### Directions:
For the data that follows, print the line with "Slika 1. Nogometno igralište Tratinčica", the line with "Asociación Cultural Maelström", and all lines between them, exactly as they stand. Omit pictures and add nothing.

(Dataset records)
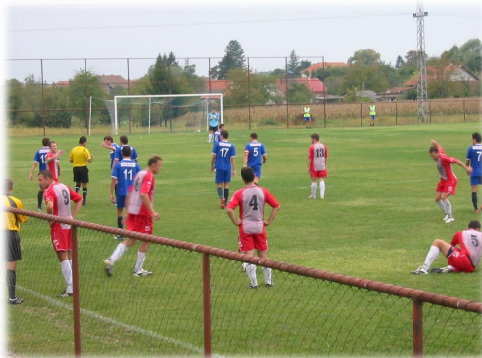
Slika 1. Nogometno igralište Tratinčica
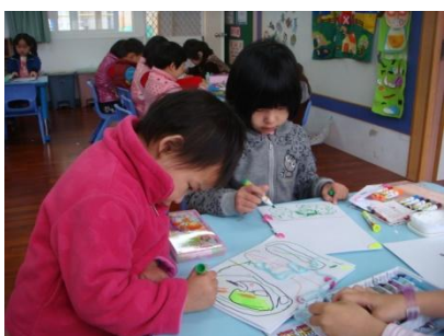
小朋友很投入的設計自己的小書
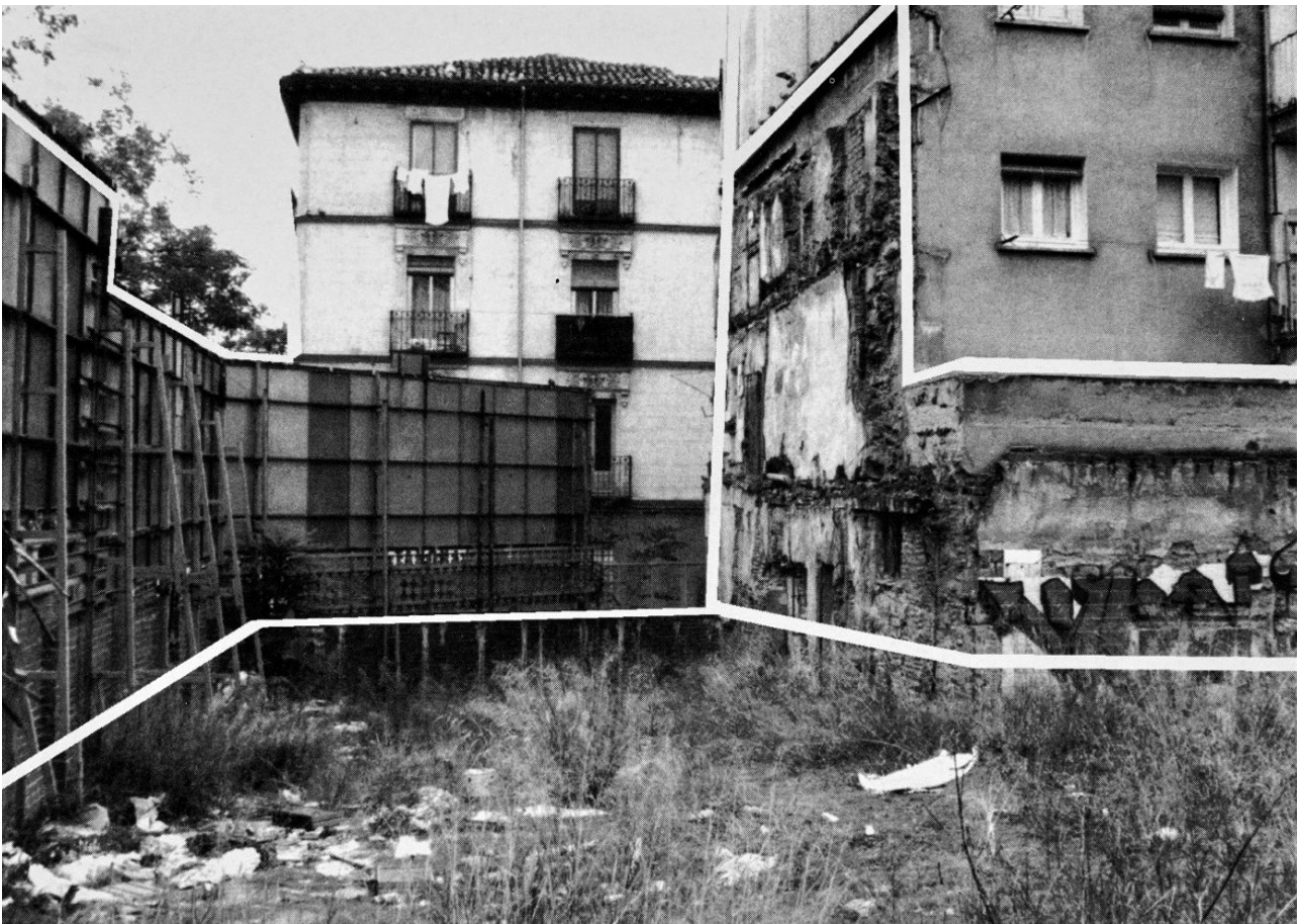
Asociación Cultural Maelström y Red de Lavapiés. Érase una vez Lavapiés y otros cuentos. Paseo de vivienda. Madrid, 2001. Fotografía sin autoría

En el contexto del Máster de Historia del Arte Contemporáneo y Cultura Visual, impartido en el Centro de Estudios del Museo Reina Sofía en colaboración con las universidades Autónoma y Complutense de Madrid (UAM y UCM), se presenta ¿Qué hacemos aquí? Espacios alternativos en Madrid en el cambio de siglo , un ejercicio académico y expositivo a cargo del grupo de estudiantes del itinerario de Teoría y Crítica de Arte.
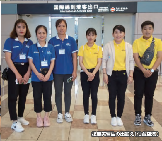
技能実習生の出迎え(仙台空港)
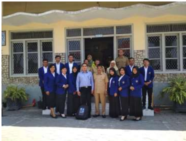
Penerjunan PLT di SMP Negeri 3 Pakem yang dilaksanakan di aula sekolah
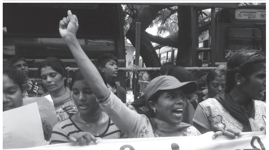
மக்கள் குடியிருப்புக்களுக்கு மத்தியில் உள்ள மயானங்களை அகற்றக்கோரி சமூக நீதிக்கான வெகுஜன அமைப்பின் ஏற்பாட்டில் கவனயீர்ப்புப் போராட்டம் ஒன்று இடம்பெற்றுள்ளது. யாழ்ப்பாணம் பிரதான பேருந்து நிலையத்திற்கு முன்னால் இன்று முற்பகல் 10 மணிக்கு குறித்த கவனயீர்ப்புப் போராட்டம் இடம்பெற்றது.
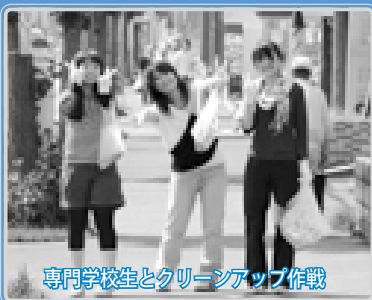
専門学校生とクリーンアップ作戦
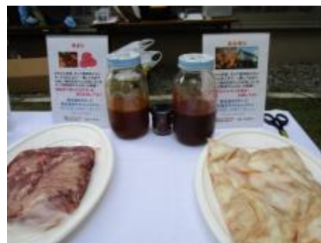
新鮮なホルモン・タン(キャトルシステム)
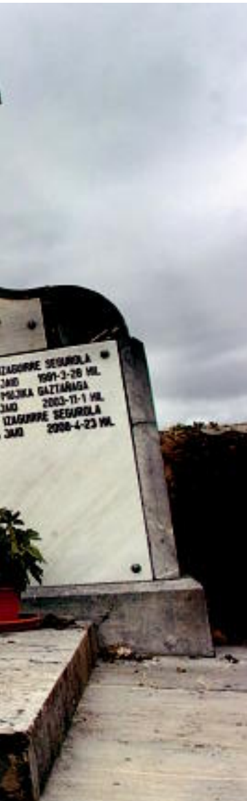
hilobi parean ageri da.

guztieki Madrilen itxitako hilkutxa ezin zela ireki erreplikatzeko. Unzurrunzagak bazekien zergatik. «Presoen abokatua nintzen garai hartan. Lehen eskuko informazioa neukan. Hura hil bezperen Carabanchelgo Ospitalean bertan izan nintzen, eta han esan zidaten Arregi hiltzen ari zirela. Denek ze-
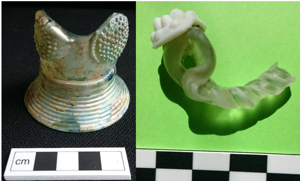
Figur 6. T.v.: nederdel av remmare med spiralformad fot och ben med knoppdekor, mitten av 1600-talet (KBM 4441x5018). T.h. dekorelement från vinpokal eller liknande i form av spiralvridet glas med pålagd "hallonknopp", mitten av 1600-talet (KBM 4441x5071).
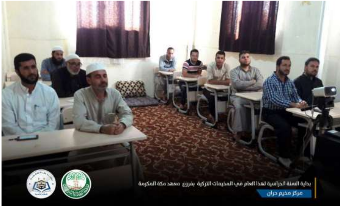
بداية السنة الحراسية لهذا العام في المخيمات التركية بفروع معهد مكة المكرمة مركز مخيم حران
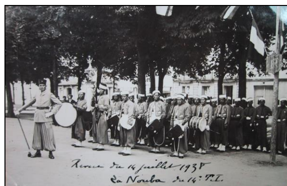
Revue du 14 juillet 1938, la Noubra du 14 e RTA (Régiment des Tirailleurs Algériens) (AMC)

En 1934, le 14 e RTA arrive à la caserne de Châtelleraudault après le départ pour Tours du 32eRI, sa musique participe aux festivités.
--
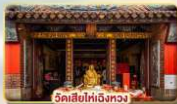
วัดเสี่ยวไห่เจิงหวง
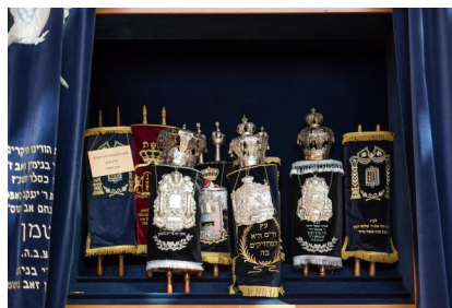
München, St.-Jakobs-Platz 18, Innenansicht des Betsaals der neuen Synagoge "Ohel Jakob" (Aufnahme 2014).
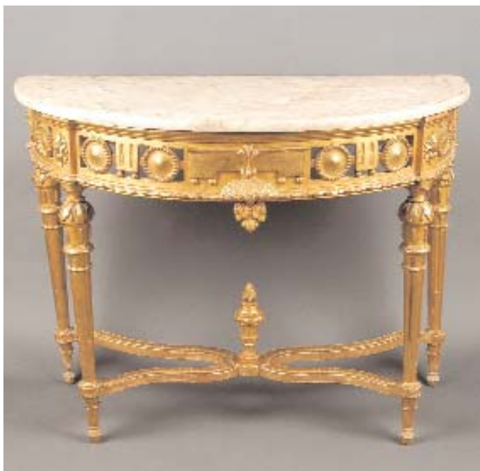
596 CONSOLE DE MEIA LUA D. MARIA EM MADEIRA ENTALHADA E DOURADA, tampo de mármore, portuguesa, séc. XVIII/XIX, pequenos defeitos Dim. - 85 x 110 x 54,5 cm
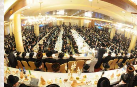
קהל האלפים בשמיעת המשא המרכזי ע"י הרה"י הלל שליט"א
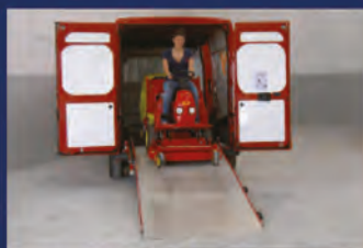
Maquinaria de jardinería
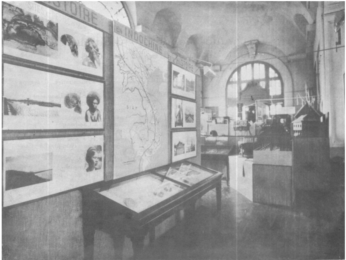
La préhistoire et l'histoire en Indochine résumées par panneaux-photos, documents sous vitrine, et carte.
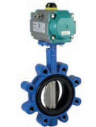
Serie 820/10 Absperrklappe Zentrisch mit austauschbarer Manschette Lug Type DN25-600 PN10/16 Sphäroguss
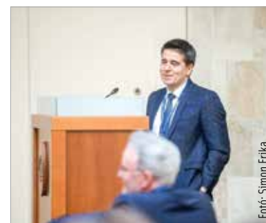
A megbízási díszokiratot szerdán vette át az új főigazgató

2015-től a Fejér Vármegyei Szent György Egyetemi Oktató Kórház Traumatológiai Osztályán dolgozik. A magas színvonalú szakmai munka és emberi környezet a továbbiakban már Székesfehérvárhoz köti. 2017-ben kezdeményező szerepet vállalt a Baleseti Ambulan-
...
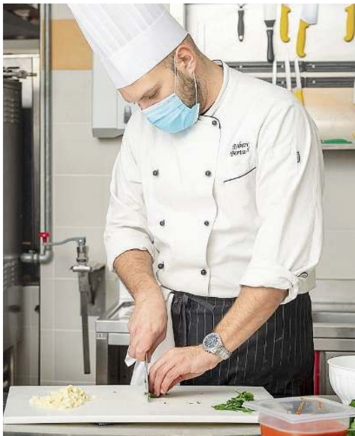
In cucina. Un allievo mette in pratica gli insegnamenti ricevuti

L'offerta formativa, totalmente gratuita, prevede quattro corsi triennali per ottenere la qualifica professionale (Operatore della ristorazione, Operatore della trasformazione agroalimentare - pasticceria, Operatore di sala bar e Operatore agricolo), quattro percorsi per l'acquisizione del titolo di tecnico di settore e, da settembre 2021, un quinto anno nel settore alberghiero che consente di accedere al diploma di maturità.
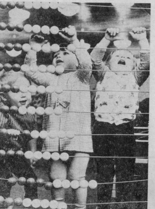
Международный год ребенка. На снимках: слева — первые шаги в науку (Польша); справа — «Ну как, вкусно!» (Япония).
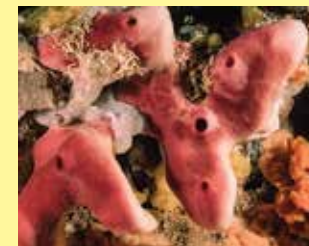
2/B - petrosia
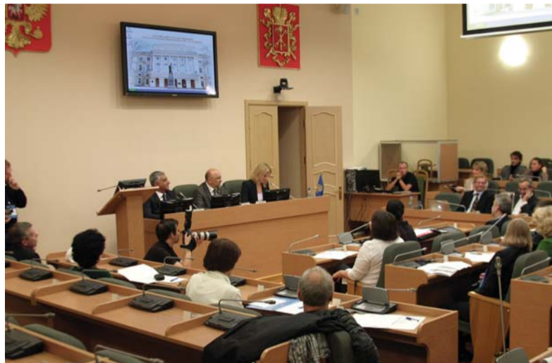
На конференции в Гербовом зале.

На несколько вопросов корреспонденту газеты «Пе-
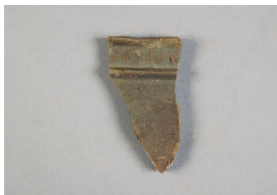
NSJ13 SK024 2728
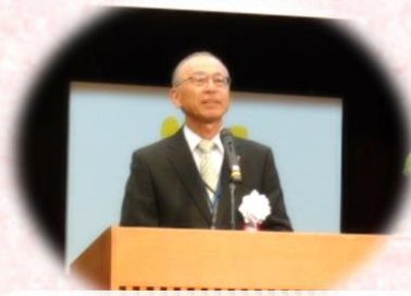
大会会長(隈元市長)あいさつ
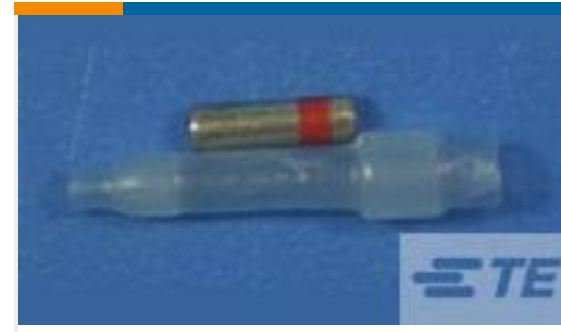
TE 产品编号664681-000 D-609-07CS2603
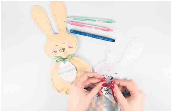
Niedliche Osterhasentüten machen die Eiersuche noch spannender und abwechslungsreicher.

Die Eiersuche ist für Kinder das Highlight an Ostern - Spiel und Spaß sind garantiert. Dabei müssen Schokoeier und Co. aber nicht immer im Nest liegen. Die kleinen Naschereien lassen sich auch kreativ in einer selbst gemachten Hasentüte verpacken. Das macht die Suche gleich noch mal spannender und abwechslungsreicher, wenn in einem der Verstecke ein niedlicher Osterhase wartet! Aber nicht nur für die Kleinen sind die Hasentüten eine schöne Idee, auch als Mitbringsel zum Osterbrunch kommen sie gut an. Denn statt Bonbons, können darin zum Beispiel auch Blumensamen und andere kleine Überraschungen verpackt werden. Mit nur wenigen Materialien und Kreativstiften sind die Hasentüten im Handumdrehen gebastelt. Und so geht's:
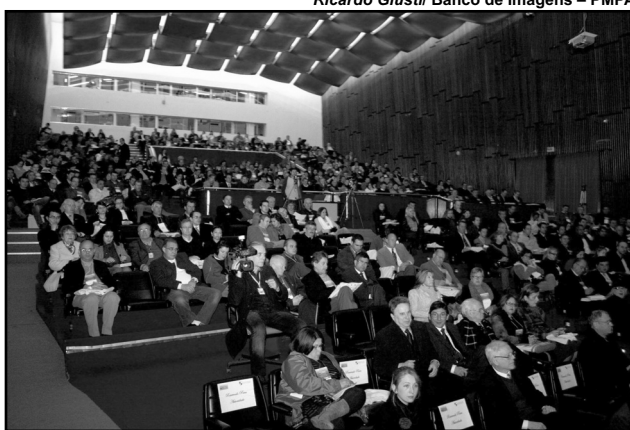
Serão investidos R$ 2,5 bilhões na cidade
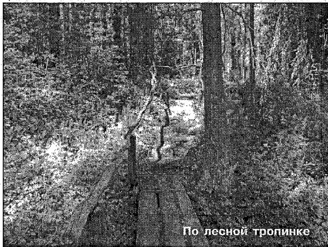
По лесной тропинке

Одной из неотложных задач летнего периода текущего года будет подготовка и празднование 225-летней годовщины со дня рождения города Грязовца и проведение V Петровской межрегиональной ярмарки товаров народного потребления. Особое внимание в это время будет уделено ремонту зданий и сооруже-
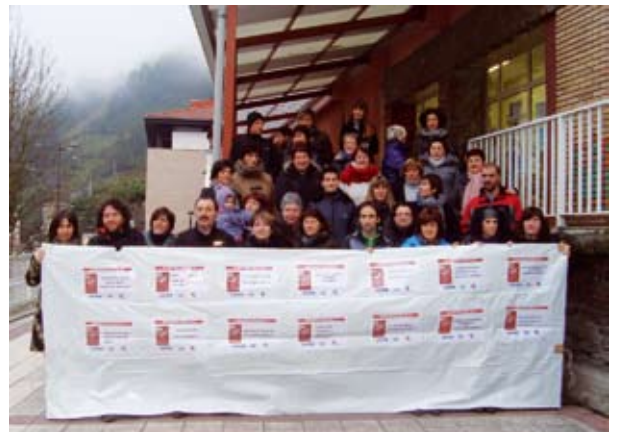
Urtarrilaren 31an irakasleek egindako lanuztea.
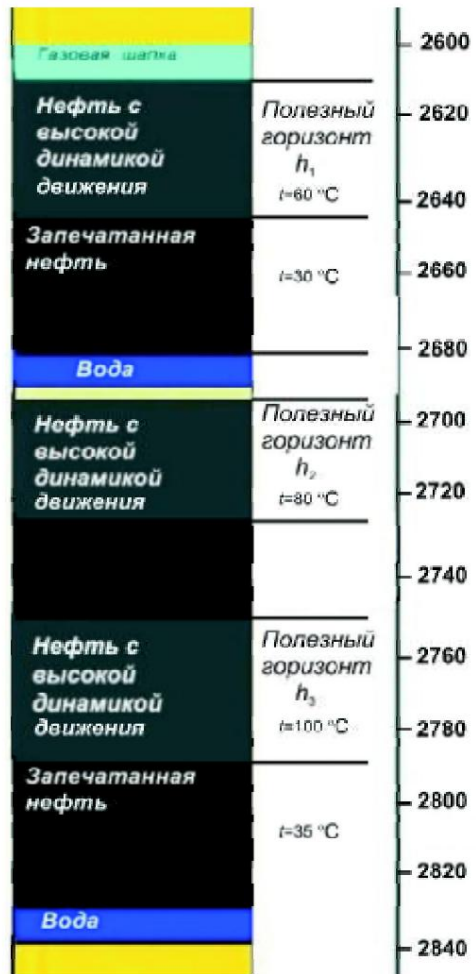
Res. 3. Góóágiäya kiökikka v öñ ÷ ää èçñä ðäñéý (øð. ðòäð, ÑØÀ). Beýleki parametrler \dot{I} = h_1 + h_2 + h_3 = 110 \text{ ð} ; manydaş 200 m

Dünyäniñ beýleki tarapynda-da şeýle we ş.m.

### Your response:
Slika 1. Nogometno igralište Tratinčica
小朋友很投入的設計自己的小書
Asociación Cultural Maelström y Red de Lavapiés. Érase una vez Lavapiés y otros cuentos. Paseo de vivienda. Madrid, 2001. Fotografía sin autoría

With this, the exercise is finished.